Several damage were caused by cyclone Freddy in the city of Mananjary in Madagascar. Four people were killed by the passage of Freddy on the large island of 28 million inhabitants, according to a report given in the morning by the National Office of Risk and Disaster Management (BNGRC) which did not change during the day.
More than 16,600 Malagasy were affected, with some 4,500 houses flooded or damaged.
France's weather service Meteo-France said Freddy weakened as it tracked across Madagascar, dropping to an average wind speed of 55 kph.
But, the agency warned, the storm would pick up strength from the warm Mozambique Channel as it headed towards the African mainland.
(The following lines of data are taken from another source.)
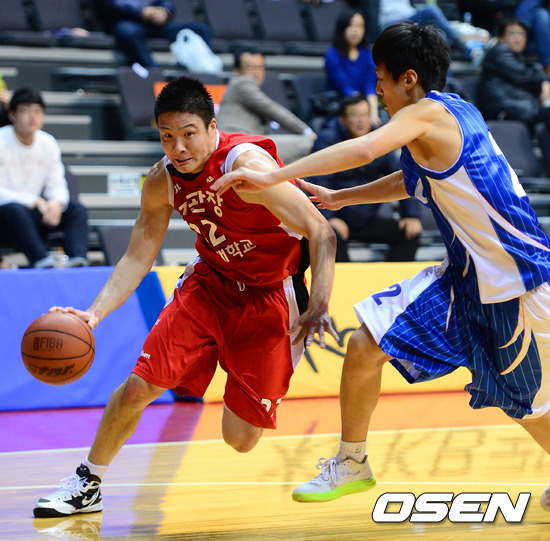 28일 오후 경기 고양시 고양실내체육관에서 열린 '2012 KB국민카드 프로-아마 최강전' 안양 KGC와 중앙대의 경기, 4쿼터 KGC 김일두가 중앙대 정인덕을 돌파하고 있다.
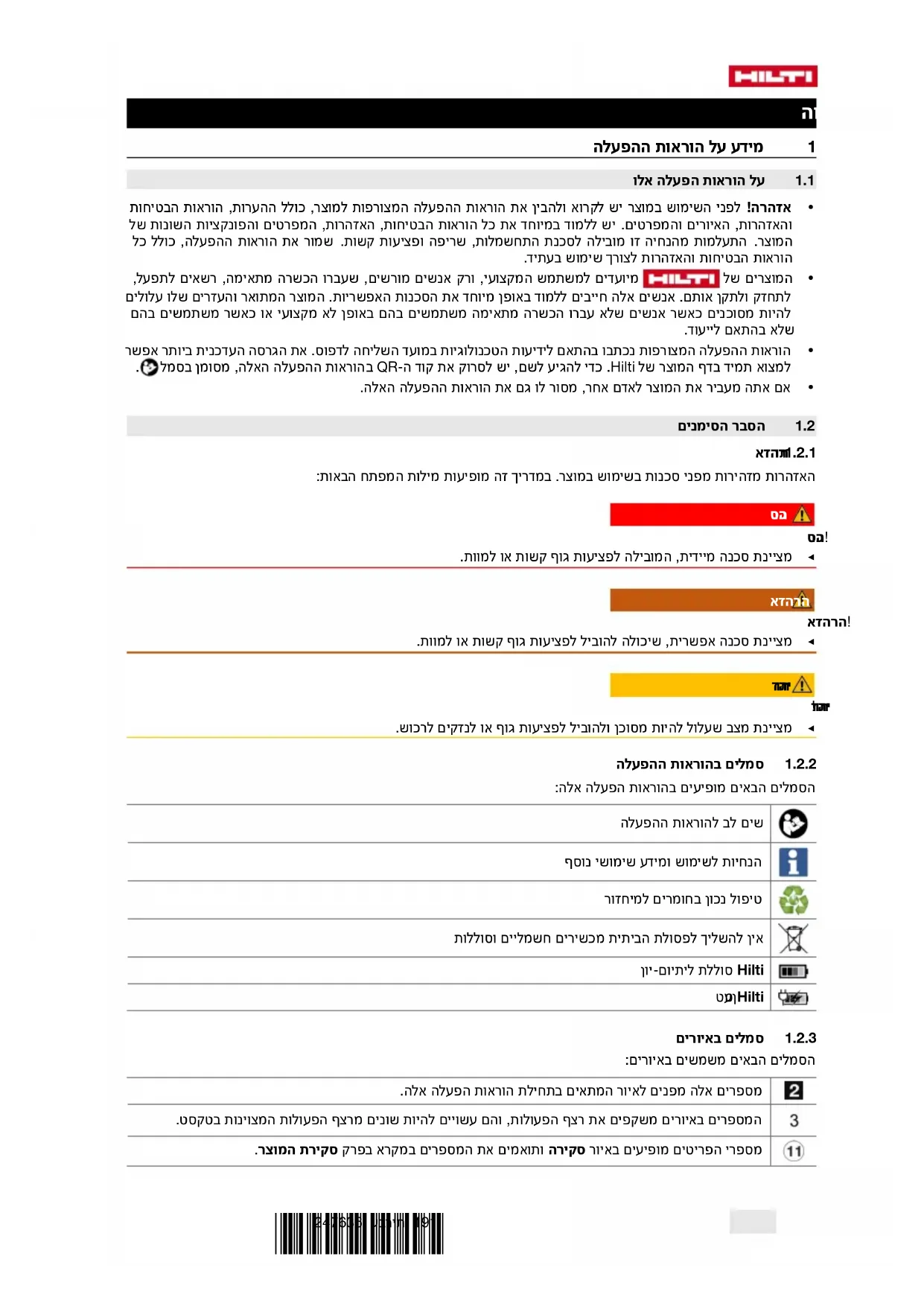 如对保修条件有任何疑问,请联系您当地的 Hilti 代表。*247636* 247636 עברית 191 הוראותהפעלהמקוריות 1מידעעלהוראותההפעלה 1.1עלהוראותהפעלהאלו
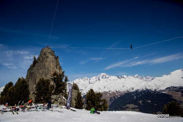Ce week-end (11-12 avril) s’est déroulé le Winter Festislack aux Arcs (savoie), 130 participants étaient présents pour profiter de 8 highlines installées au sommet du téléphérique ‘Mont-Blanc’. L’évènement organisé par l’association slackissime a été le lieu de deux nouveaux records!.
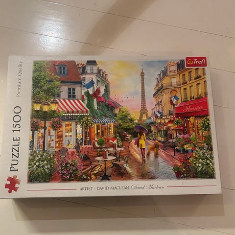 Trefl-, Ravensburger- ja Tactic-merkkiset palapelit, joissa on 500–1000 palaa. Kuvat esittävät erilaisia maisema- ja kaupunkinäkymiä, kuten siltoja ja rakennuksia, sekä kuvitusaiheita. Pakkauksissa on merkitty palamäärä ja valmistajan tiedot. Palapelit on pakattu alkuperäisiin laatikoihin. Palapeleissä on kaikki palat tallella.
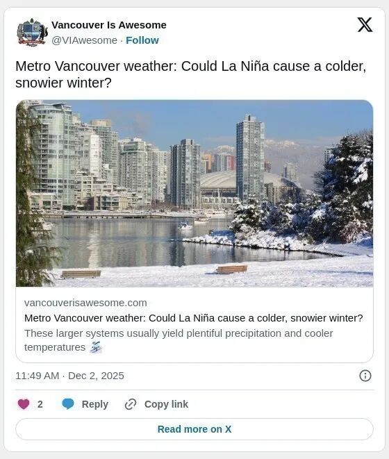 加拿大环境部气象学家 Derek Lee 表示,大温 12 月上半月气温将高于正常水平。
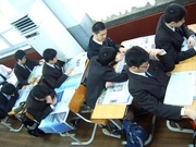 오늘 수업은 교과서를 대신하여 각자 집에서 가져온 신문으로 대신하였습니다. 신문에는 최신 정보가 가득하고 특히 논쟁의 소지를 안고 있는 기사가 있어 대입 논술에서 요구하는 사고력과 표현력을 기르는데 적합하답니다. 아이들도 딱딱한 교과서에서 벗어나 신문을 통하여 다양한 내용을 접할 수 있어 무척 흥미있어 하는 것 같았습니다. 자신이 의미있게 본 기사를 오려서 노트에 부치고 그 밑에 자신의 생각을 간략하게 정리하는 모습이 무척 진지했답니다.
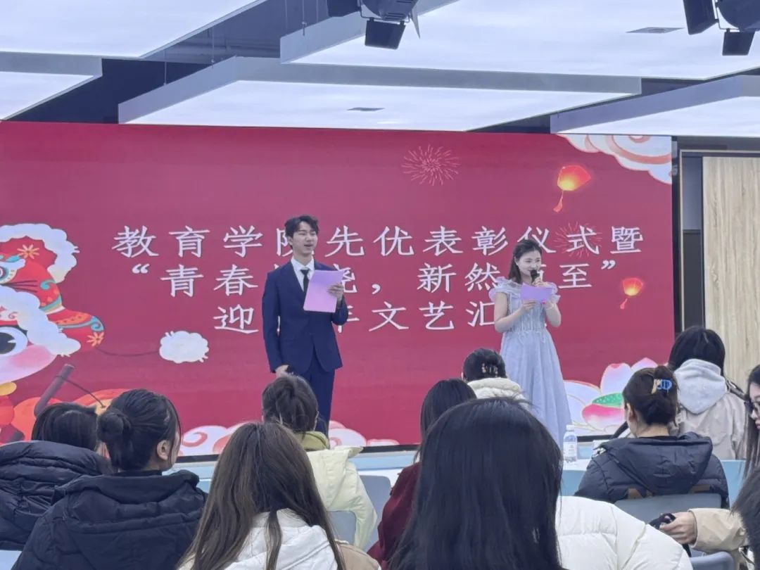 2024年12月26 日,教育学院在儿童未来成长中心盛大举行先优表彰暨“青春拂晓,新然而至”迎新年文艺汇演。出席本次活动的领导老师有教育学院党总支书记、教学副院长张雨龙娃,教育学院党总支副书记王柏杨,教育学院督导主任吴丽敏,办公室主任高慧慧,教育学院教师教育学院行业院长李云萍以及全体辅导员。
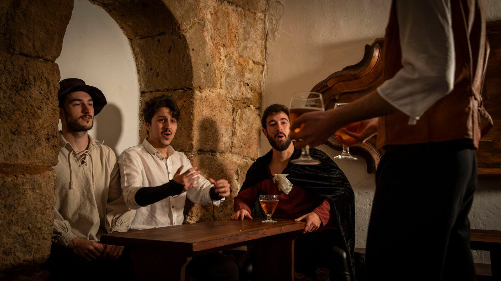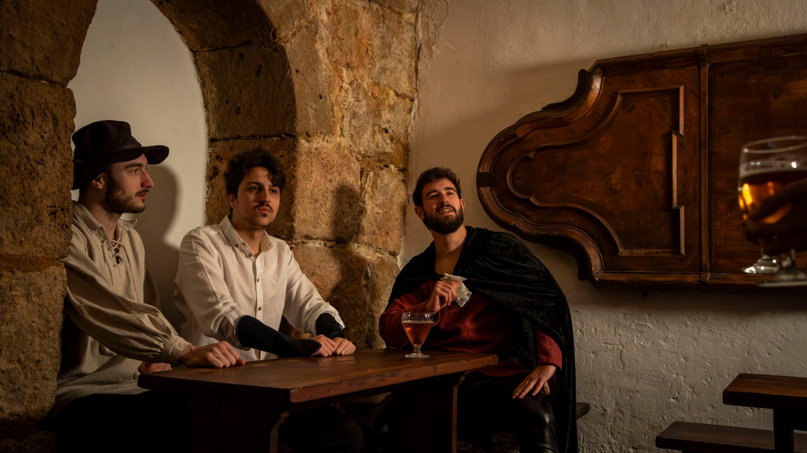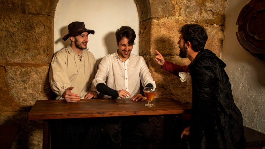 Los murmullos de los habitantes de la ciudad se pierden entre el eco de risas y cánticos en esta taberna, un refugio temporal para aquellos que desafían los temores que trae consigo esta noche.
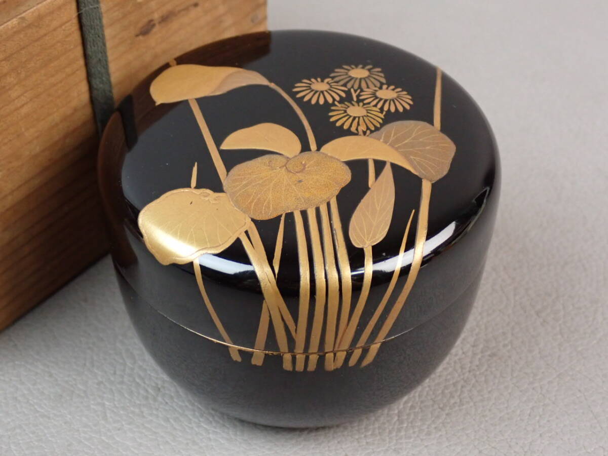 - 【骨董・茶道具】★古い 蒔絵★★葵文平棗 茶入 gp032sl 徳川家 将軍
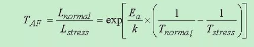 温度加速因子由Arrhenius模型计算:
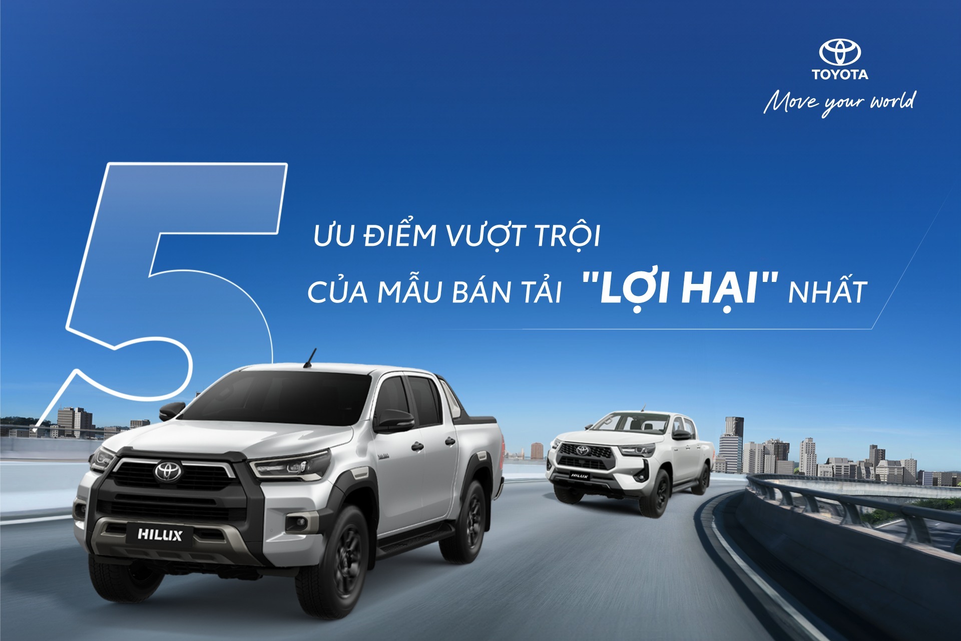 Cùng bạn chinh phục mọi thử thách - Hilux chính là mảnh ghép lý tưởng để bạn ghi dấu mọi điểm đến và mang đến sự phấn khích đầy khác biệt khi cầm lái.
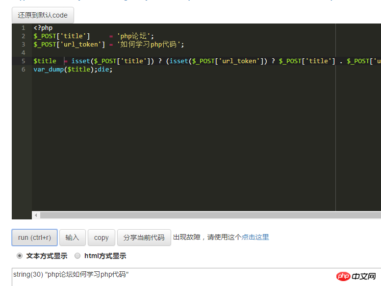 输出:php论坛如何学习php代码
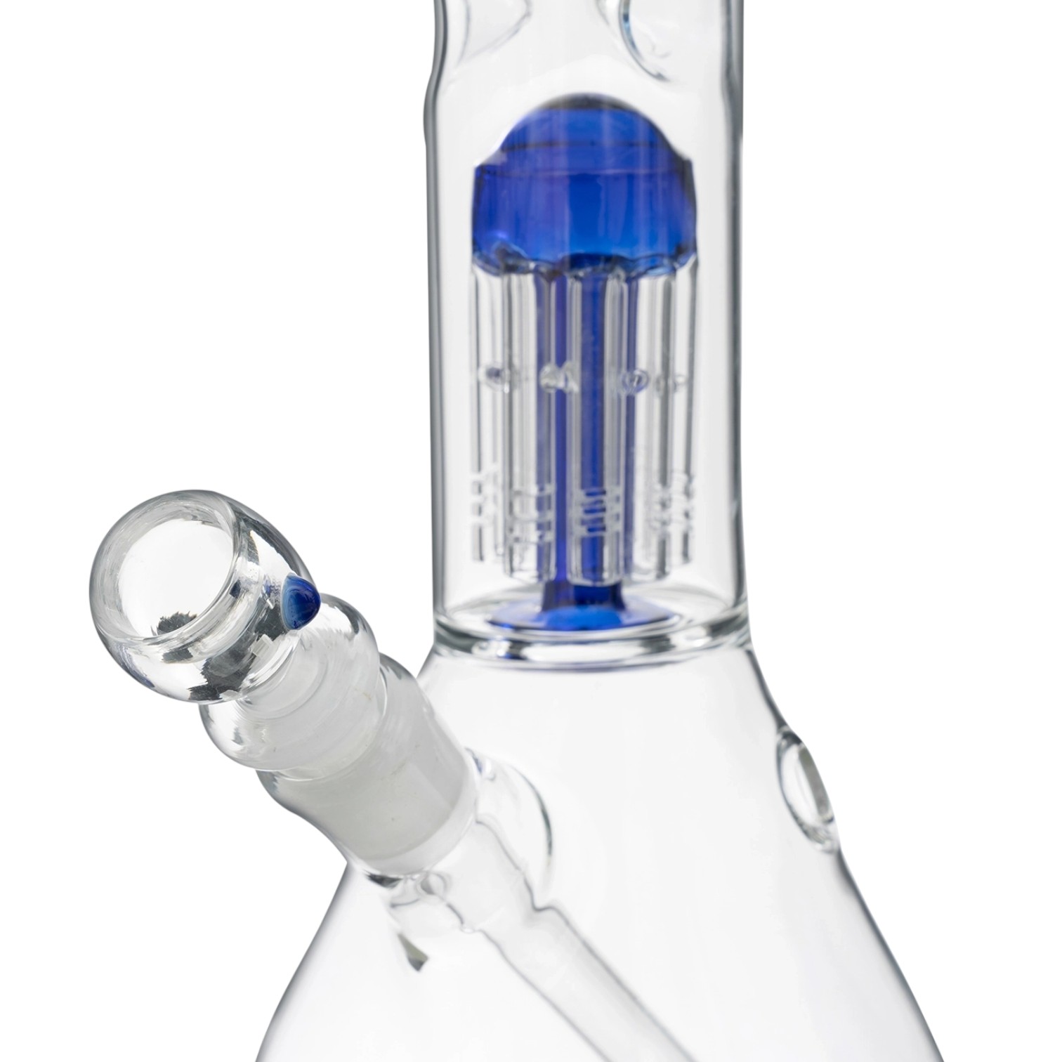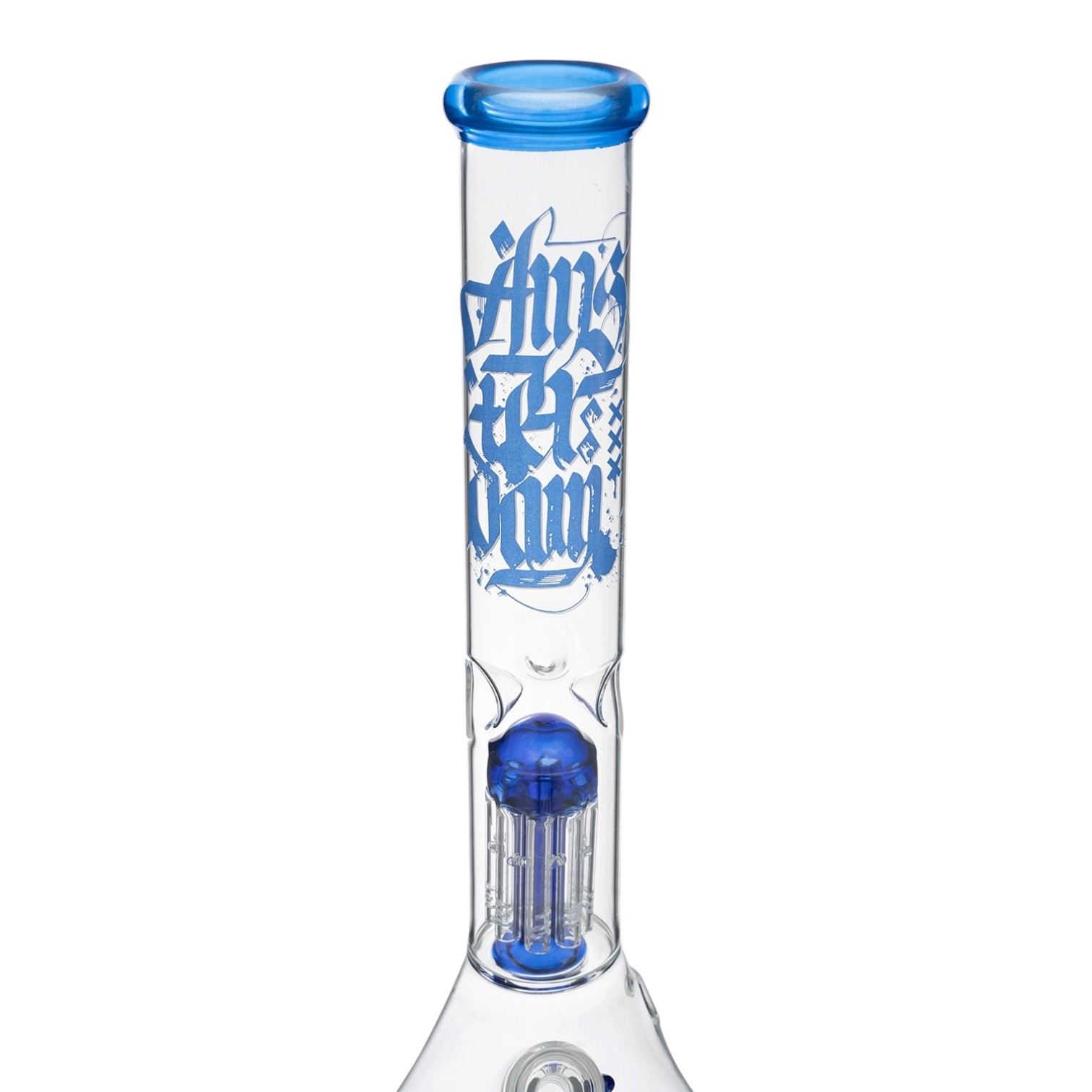 Высокий бонг Amsterdam - 8Tree Blue выполнен из боросиликатного стекла с толщиной стенки 3 миллиметра. Девайс имеет корпус с синим принтом, а камера 8-ми рукавного перколятора прозрачная. Благодаря этому очистка хорошо видна и за ней можно наблюдать прямо в процессе курения.
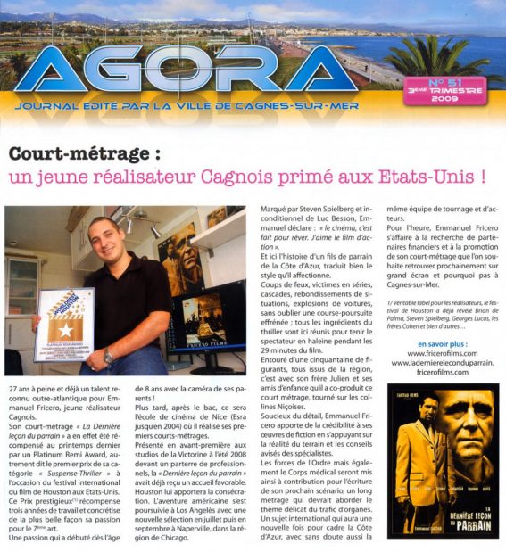 En savoir + ›Court-métrage: Un jeune réalisateur Cagnois primé aux Etats-Unis ! Article de presse paru dans l’AGORA (n°51, 3e trimestre 2009), journal édité par la ville de Cagnes-sur-mer.

Cyclone Freddy is expected to land Friday in regions between central and southern Mozambique, more than 500 kilometres north of the capital Maputo, and could reach Zimbabwe.
Mozambique's government has declared a red alert to allow agencies to prepare for a potential emergency.
Freddy had developed into one of the biggest cyclones in recent years to threaten Madagascar, which is typically lashed several times during the annual November-April storm season.
In the end, it brought less rain than feared but still ripped roofs off buildings and flattened rice fields and fruit trees.
It made landfall north of Mananjary, a coastal town of 25,000 people that remains devastated by last year's Cyclone Batsirai, which killed more than 130 people.
"The recorded damage is almost only related to the wind."
- Mozambique next -
Freddy is the first cyclone and the second tropical weather system to hit during Madagascar's current season, the UN's Office for the Coordination of Humanitarian Affairs said.
The storm began to brew in the first week of February off the northwest of Australia and south of Indonesia and is now in its third week trekking across the Indian Ocean.
At its height, Freddy was a "supercyclone", with average wind speeds of 220 kph and gusts of 320 kph, said Meteo-France's cyclone specialist for the Indian Ocean, Sebastien Langlade.
The UN's World Food Programme had estimated more than 2.3 million people in Madagascar could be affected.
The cyclone coincides with a months-long drought in the southern part of the island that has inflicted widespread hunger.
Freddy is expected to make landfall in Mozambique on Friday as a likely tropical storm, bringing the risk of pounding rain and flooding, according to forecasts.
Mozambique is already in the middle of its rain season and the soil is saturated.
Authorities reported that dozens of houses in the central port city of Beira had flooded Wednesday.
Heavy rain could also hit parts of Zimbabwe and South Africa at the weekend.